Para verificar a associação entre as variáveis dependentes (pré-hipertensão e hipertensão) e as variáveis independentes do estudo, foram estimadas as razões de chance por Odds Ratio (OR) com base no modelo de regressão multinomial e respectivos intervalos de confiança (IC) de 95%. Por se tratar de um fenômeno multifatorial, as variáveis foram reunidas em blocos (demográfica, econômica, estado de saúde e comportamental) e analisadas de forma hierárquica(24).
Aspectos éticos
O estudo foi aprovado pela Comissão Nacional de Ética em Pesquisa (CAAE 74361617.2.0000.5020) de acordo com o Parecer no 2.51.369. Para ingresso em terra indígena, solicitou-se autorização da Fundação Nacional do Índio (nº 43/AAEP/PRES/2018), do Ministério da Justiça e, também, dos líderes da Terra Indígena KwatáLaranjal.
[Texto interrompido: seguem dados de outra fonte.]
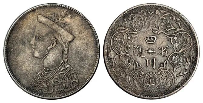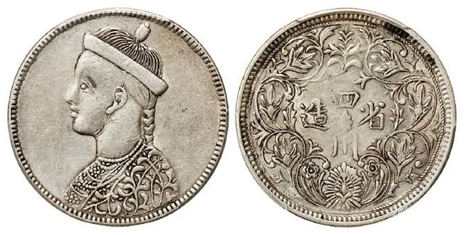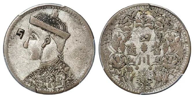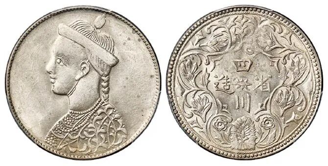简介:1902-1911年四川省造第一期光绪像一卢比银币一枚,Y-3/LM-360,无领直花版,少见版别,PCGS XF45。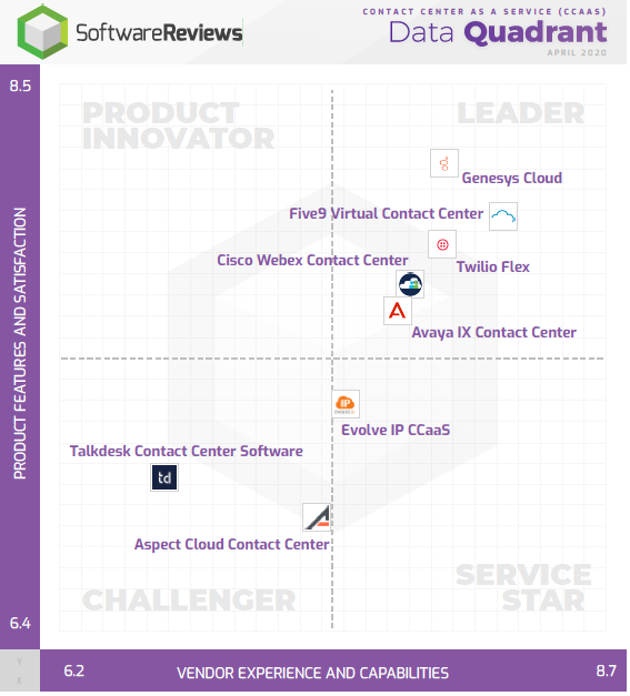 Source: SoftwareReviews CCaaS Data Quadrant. Accessed September 2, 2020.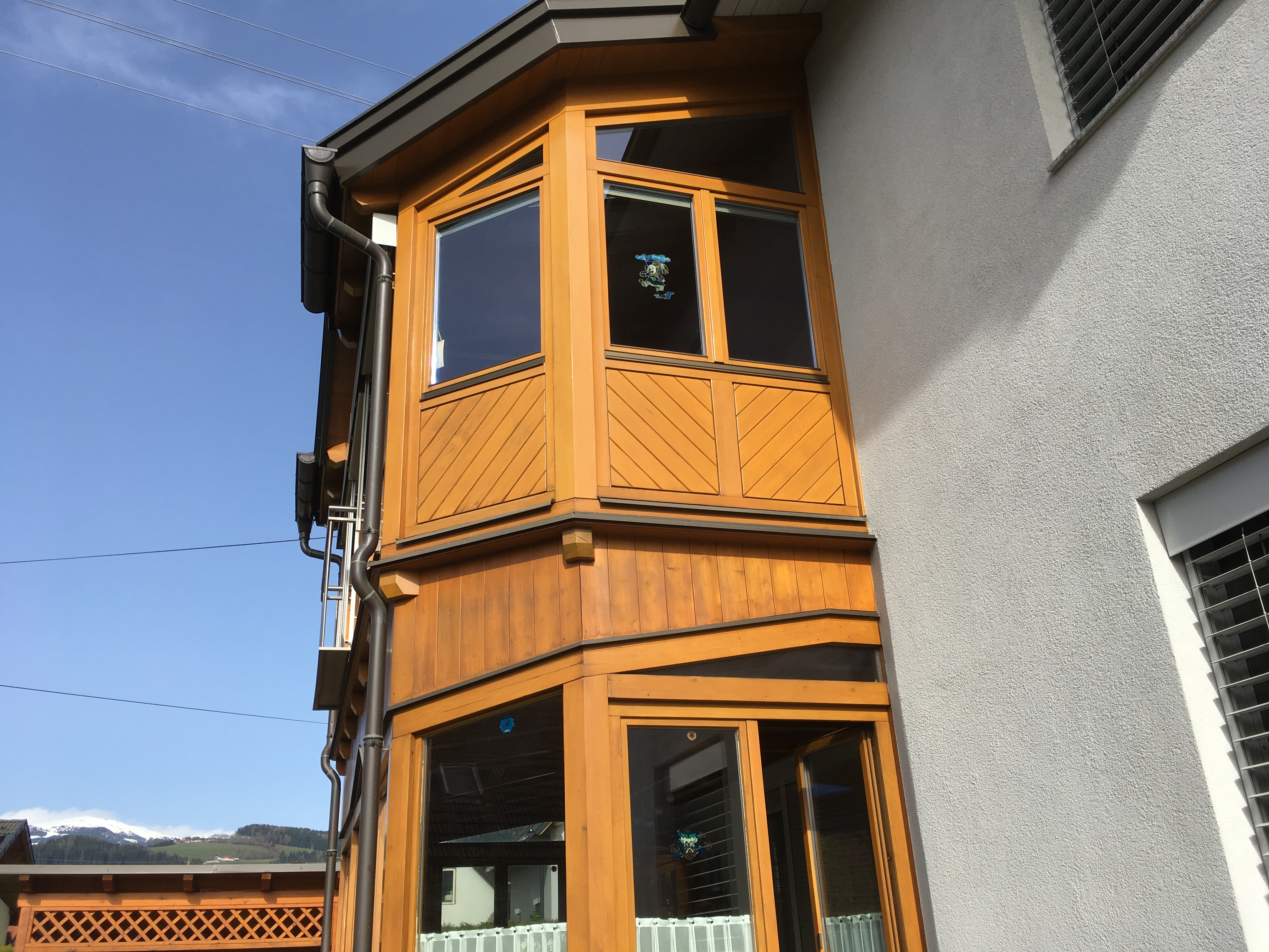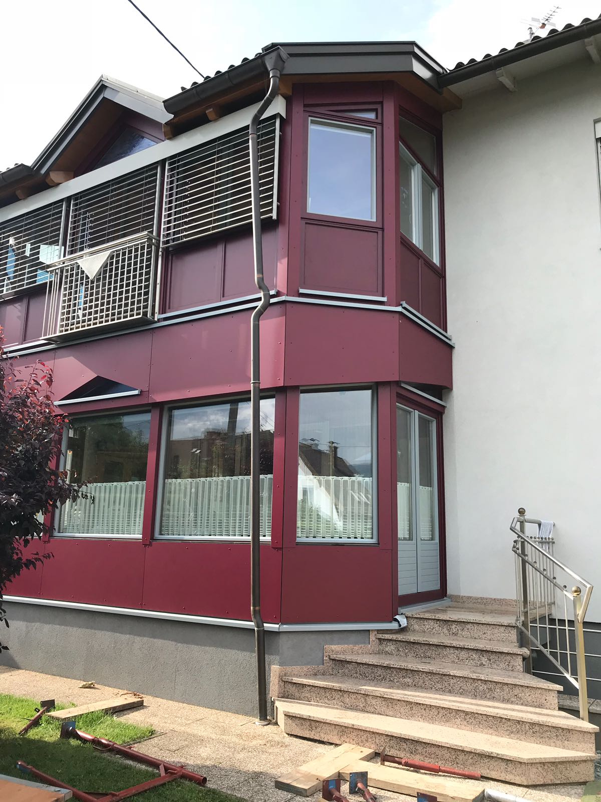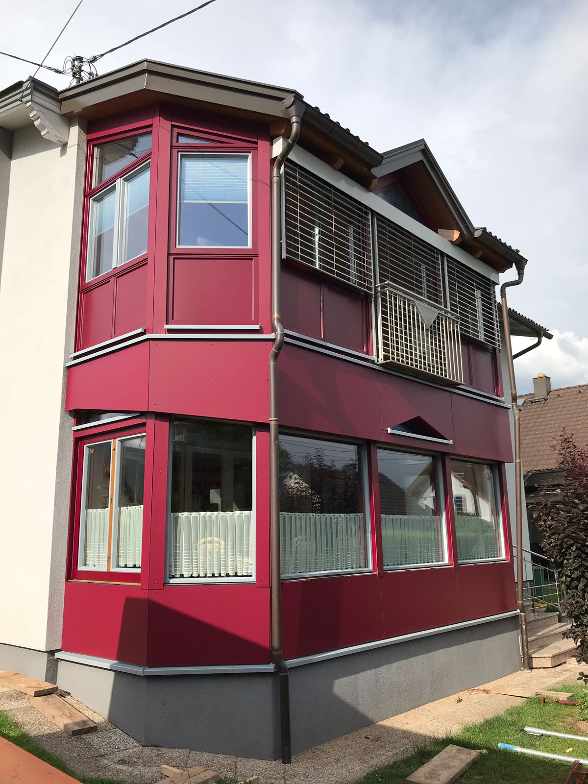 Projektbeschreibung: Verkleidung des bestehenden Wintergarten mit Compact MAX Exterior Platten.

Todos os indígenas que aceitaram participar do estudo assinaram o Termo de Consentimento Livre e Esclarecido.
Resultados
Entre os 459 indígenas investigados, a prevalência de níveis pressóricos alterados, obtidos por meio da medida casual, foi de 10,2% para os valores sugestivos de hipertensão e de 4,1% para pré-hipertensão.
Na Tabela 1, é apresentada a análise univariada das variáveis sociodemográficas, antropométricas, metabólicas e de estilo de vida dos participantes segundo os níveis pressóricos que indicam pressão normal, HAS e pré-HAS. Destaca-se que a maioria dos participantes era do sexo masculino (57,1%), a média de idade foi de 36,6 (±14,7) anos, cerca de 9,6% eram analfabetos. Quanto à renda familiar, a quase totalidade (83,7%) estava em situação de vulnerabilidade social (pertencente às classes sociais D e E). Elevado percentual de participantes (61,7%) informou ter, como única fonte de renda, algum benefício social ofertado pelo governo.
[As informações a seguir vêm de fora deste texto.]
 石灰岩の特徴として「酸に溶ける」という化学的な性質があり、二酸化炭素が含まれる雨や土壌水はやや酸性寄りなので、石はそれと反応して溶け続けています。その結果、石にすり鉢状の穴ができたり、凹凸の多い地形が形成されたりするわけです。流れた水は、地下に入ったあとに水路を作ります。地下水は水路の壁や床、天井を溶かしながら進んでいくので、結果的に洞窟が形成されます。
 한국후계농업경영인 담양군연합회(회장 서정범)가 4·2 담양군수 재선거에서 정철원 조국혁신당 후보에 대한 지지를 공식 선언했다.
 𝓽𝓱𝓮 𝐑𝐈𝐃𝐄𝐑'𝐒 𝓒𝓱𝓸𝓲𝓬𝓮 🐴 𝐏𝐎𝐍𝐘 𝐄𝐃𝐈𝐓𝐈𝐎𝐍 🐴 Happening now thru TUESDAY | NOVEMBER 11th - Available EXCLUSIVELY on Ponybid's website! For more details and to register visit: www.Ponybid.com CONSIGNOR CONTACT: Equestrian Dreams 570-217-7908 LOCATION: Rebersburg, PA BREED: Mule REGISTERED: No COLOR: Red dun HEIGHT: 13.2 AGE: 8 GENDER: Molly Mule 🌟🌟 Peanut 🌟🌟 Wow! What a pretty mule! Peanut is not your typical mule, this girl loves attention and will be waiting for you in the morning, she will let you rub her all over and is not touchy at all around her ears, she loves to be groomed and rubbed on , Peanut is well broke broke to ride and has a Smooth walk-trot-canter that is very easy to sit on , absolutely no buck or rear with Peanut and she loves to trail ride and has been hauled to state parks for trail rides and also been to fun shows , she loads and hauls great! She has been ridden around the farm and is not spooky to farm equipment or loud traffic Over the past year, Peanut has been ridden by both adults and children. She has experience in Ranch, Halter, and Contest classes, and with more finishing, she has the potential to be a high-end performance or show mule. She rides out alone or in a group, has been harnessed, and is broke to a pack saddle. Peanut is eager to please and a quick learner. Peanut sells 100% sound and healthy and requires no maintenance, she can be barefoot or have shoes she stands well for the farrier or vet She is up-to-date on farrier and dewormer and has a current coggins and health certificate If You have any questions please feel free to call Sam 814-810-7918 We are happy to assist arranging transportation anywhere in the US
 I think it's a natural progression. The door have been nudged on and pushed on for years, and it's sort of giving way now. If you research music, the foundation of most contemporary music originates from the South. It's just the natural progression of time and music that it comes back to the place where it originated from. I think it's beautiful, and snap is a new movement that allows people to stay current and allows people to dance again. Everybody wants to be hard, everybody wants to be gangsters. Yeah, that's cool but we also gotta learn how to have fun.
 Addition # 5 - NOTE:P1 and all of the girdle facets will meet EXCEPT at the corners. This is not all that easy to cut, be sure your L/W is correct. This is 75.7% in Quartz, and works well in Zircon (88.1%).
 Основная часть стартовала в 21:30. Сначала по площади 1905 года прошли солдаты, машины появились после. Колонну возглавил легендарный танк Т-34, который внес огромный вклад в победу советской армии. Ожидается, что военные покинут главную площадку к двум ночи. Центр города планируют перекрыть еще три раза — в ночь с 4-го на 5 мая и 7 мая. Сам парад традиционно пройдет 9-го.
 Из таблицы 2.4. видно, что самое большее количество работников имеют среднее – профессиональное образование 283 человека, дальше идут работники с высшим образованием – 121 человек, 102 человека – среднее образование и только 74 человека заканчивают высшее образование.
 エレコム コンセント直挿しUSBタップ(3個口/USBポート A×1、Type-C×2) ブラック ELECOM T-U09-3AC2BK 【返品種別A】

Perfil dos níveis pressóricos dos indígenas Munduruku. Município de Borba, AM, Brasil, 2018
Entre os indígenas Munduruku, 64,9% apresentavam aumento da circunferência do pescoço; 38,8%, aumento da circunferência da cintura e mais de 52% estavam acima do peso. Estes dados corroboram o alto percentual de indígenas classificados com taxa de gordura corporal elevada: alto (28,3%) e muito alto (33,3%). Sobre os níveis de triglicerídeos e colesterol, os valores alterados ficaram em torno de 21,1% e 5,4%, respectivamente. Chama a atenção o fato de que 86,5% dos participantes apresentaram valores elevados da glicemia capilar e mais de 70% afirmaram ser fumantes e fazer consumo de bebida alcóolica em níveis considerados de risco nocivo ou provável dependência. Tratando-se da atividade física, 65,6% foram classificados como ativos ou muito ativos (Tabela 1).
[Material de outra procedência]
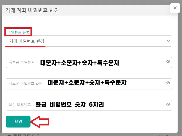 비밀번호 유형을 꼭 ‘거래 비밀번호 변경’ 으로 선택하세요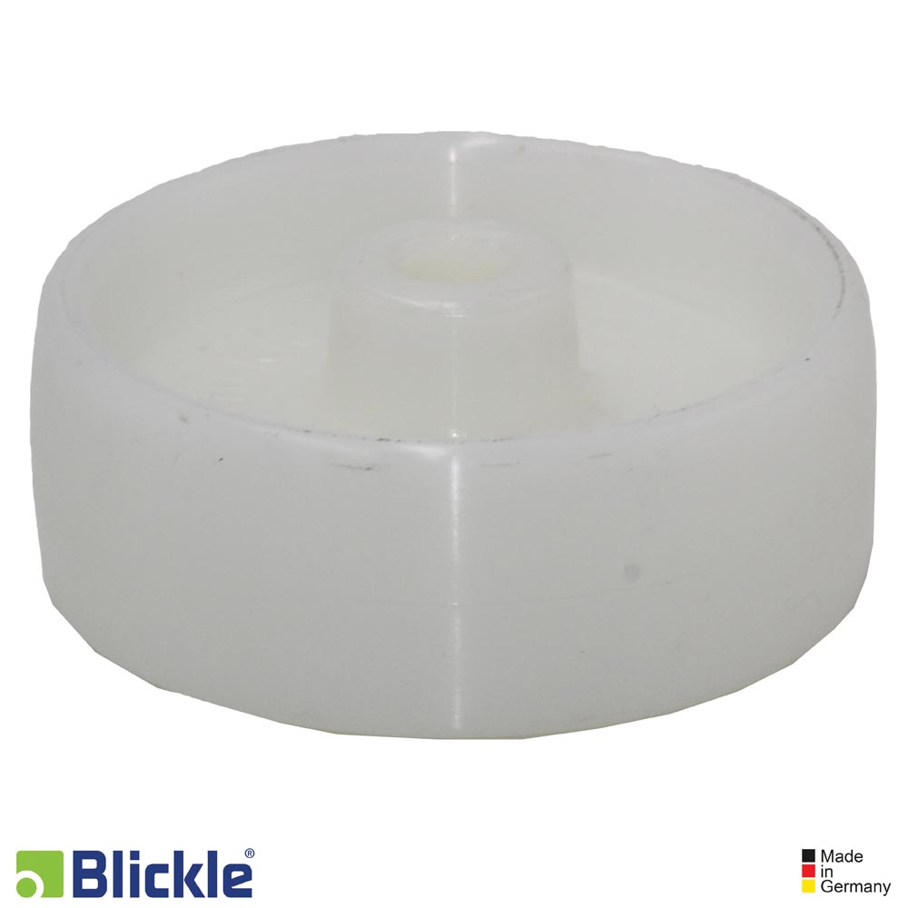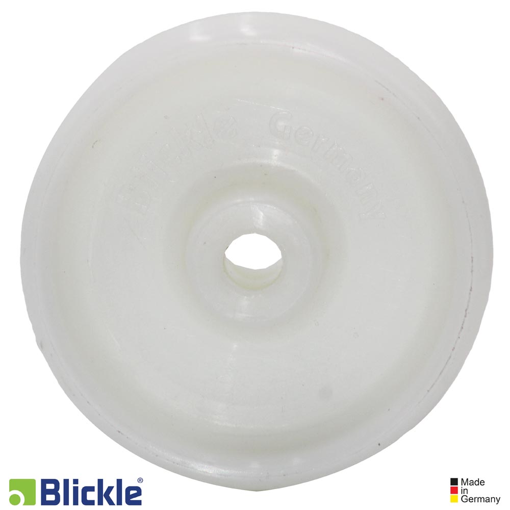 Rueda PO: poliamida 6 de alta calidad, resistente a la rotura, dureza 70 Shore D. Muy baja resistencia a la rodadura y al giro. Fácil deslizamiento sobre los suelos lisos. Muy resistente a la abrasión. Color blanco natural.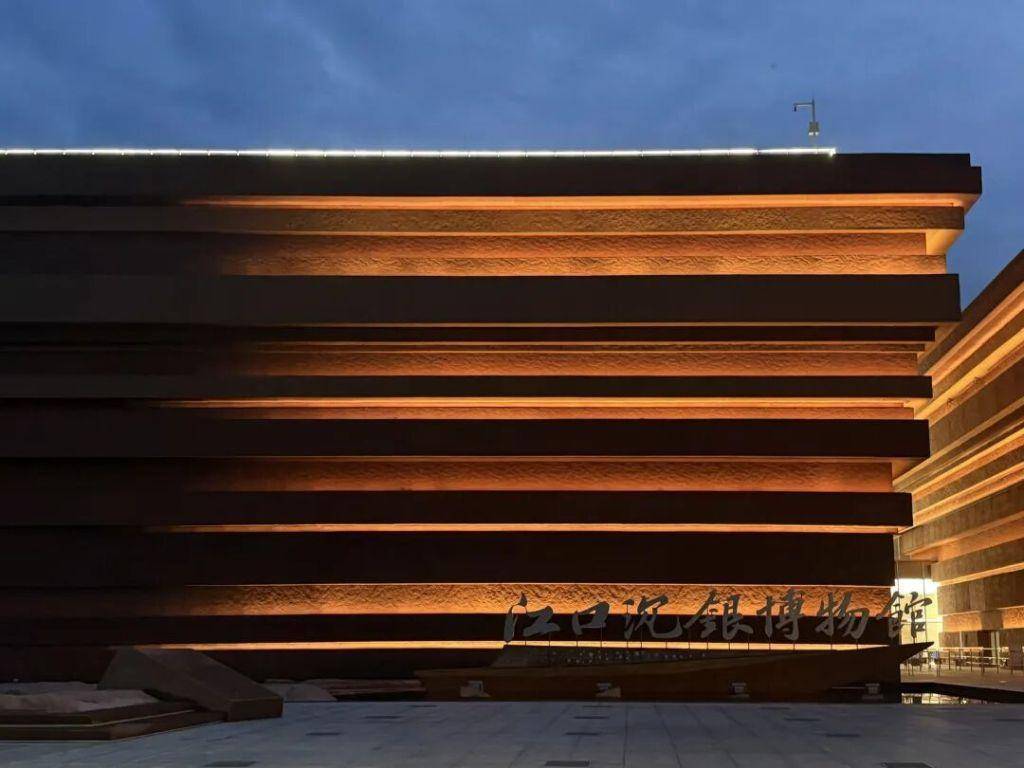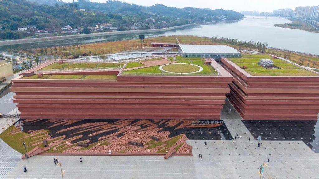 江口沉银博物馆坐落于眉山市彭山区,紧邻江口沉银遗址,建筑面积3.63万平方米,展陈面积约7800平方米,按国家一级博物馆标准建设。其外墙设计参考了遗址所在河道的红砂岩基岩,肌理层叠起伏,仿佛刚从江水中“生长”而出,与周边的山水浑然一体。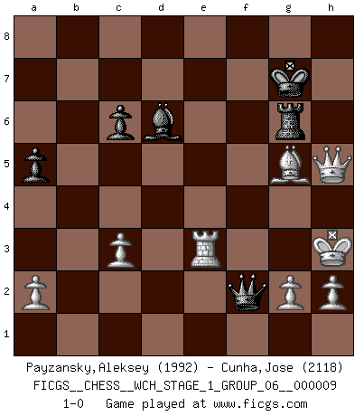 Last move : 1-0 2011 July 30 20:57:12 [Event "FICGS__CHESS__WCH_STAGE_1_GROUP_06__000009"] [Site "FICGS"] [Date "2011.04.01"] [Round "1"] [White "Payzansky,Aleksey"] [Black "Cunha,Jose"] [Result "1-0"] [WhiteElo "1992"] [BlackElo "2118"] 1.e4 c5 2.Nf3 d6 3.d4 cxd4 4.Nxd4 Nf6 5.Nc3 a6 6.Bg5 e6 7.f4 Qb6 8.Qd3 Qxb2 9.Rb1 Qa3 10.f5 Nc6 11.fxe6 fxe6 12.Nxc6 bxc6 13.Be2 Qa5 14.Bd2 Qc7 15.e5 dxe5 16.Ne4 Nxe4 17.Qxe4 Bc5 18.Rf1 g6 19.Bh6 Bf8 20.Be3 Rb8 21.Rxb8 Qxb8 22.Kf2 Bd6 23.Bh6 Qa7+ 24.Kg3 Qc7 25.Bc4 Bf8 26.Be3 Ba3 27.Bh6 Bf8 28.Be3 Ba3 29.Bh6 a5 30.Bb3 Bf8 31.Be3 Bd6 32.Bh6 Bf8 33.Be3 Bb4 34.Bh6 Rg8 35.Ba4 Bb7 36.c3 Bd6 37.Bb3 Qe7 38.Qg4 Ba6 39.Rf2 e4 40.Kh3 g5 41.Bxe6 Be2 42.Rxe2 Rg6 43.Bf7+ Qxf7 44.Bxg5 Kf8 45.Rxe4 Kg7 46.Re3 h5 47.Qxh5 Qf5+ 48.Kh4 Qf2+ 49.Kh3 1-0 This chess game has been lost on time (started : 2011.04.01 10:8:25) Sicilian : Najdorf, 7...Qb6 Player White won this chess game. Follow this game move after move (download)You are for me the Queen on d8 and I am the Pawn on d7 !! (Eduard Gufeld) Der Knackpunkt bei der Konzentration ist, daß wir nur durch sie etwas Neues und Ungewöhnliches am Schachbrett finden können. Sie ist der einzige Weg durch neue neue Ideen eine Überraschung zu bereiten. (Garry Kasparov) Si tu oponente te ofrece un empate, trata de averiguar porque piensa él que esta en una posición peor. (Nigel Short) Si rien de grave n'est détecté lors de l'analyse d'une position, on joue alors le coup. Seconde règle de Blumenfeld. I've never seen so many men wasted so badly. (Blondie in The Good, The Bad and The Ugly)

Na Tabela 2, é apresentada a análise multivariada com uso de um modelo de regressão logístico multinominal de todas as variáveis sociodemográficas, antropométricas, metabólicas e de estilo de vida dos participantes, segundo os níveis pressóricos alterados sugestivos de HAS e pré-HAS.
Indicadores antropométricos, metabólicos e de estilo de vida dos indígenas Munduruku (n=459), segundo níveis pressóricos elevados. Município de Borba, AM, Brasil, 2018
Em relação às variáveis sociodemográficas e econômicas dos participantes classificados como préhipertensos e hipertensos, foi observada uma associação positiva, no que se refere à idade, revelando que a cada um ano no aumento da idade elevava em 10% a chance para desenvolver HAS (OR=1,0; IC95% 1,08-1,13). Os participantes que cursaram o ensino médio completo, quando comparados aos com menor escolaridade, apresentaram até 97% menos chance de desenvolver HAS (OR=0,03; IC95% 0,01-0,10). Aqueles com renda até um salário mínimo possuíam 9 vezes mais chance para o desenvolvimento de HAS (OR=9,21; IC95% 3,52-24,07). Quanto ao benefício social, os que disseram receber alguma modalidade possuíam 3 vezes mais chances de desenvolver HAS (OR=3,58; IC95% 1,89-6,78).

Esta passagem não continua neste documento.